• Exercise prompt:
Return nothing but the lines from the one with "FCD-Tech晶振,SX2" through the one with "- Designed with" in the data below, word for word and without pictures.

• Available data:
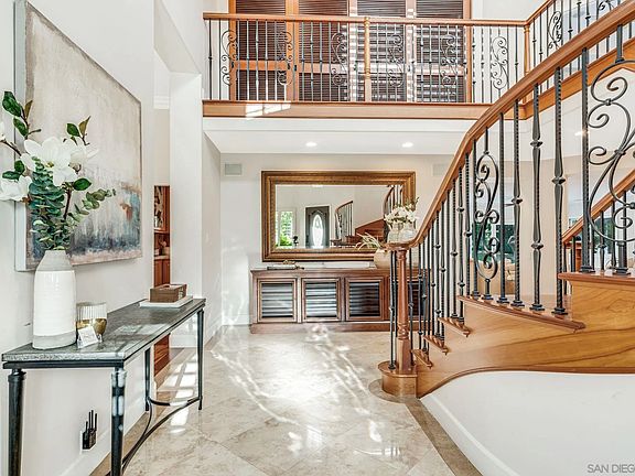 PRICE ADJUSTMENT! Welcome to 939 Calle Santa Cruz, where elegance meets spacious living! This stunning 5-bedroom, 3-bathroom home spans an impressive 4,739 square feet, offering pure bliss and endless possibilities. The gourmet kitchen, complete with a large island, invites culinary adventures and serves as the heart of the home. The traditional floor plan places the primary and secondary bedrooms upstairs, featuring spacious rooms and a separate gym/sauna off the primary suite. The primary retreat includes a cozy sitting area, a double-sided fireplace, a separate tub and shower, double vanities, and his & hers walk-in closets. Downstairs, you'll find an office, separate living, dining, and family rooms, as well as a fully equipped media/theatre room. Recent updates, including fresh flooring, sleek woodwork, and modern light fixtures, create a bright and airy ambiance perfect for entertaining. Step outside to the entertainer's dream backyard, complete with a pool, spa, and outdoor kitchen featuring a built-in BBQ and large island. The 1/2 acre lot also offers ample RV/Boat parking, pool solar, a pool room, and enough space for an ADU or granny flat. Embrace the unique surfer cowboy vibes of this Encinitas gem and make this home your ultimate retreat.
--
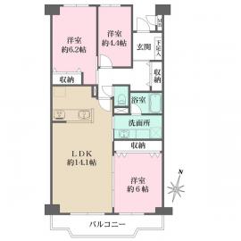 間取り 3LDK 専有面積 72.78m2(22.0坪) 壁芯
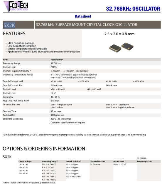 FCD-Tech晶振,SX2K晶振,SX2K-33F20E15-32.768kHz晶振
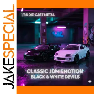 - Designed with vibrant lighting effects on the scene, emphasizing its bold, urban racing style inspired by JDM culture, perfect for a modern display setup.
...
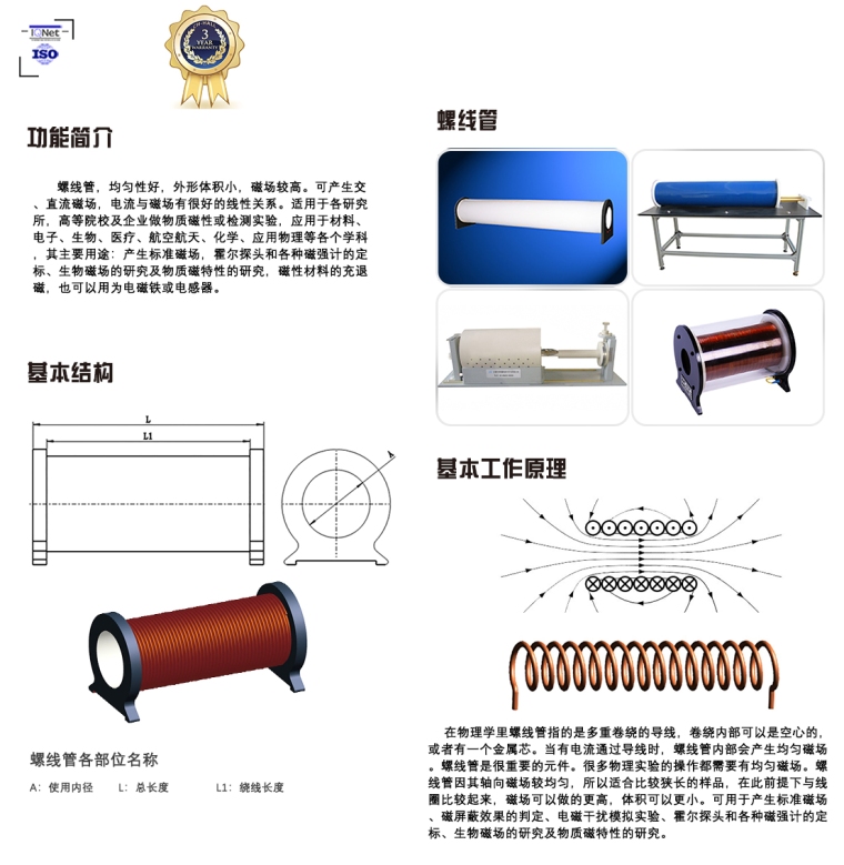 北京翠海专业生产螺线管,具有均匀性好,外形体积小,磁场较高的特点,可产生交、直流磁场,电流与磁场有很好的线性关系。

• Answer section:
 FCD-Tech晶振,SX2K晶振,SX2K-33F20E15-32.768kHz晶振
 - Designed with vibrant lighting effects on the scene, emphasizing its bold, urban racing style inspired by JDM culture, perfect for a modern display setup.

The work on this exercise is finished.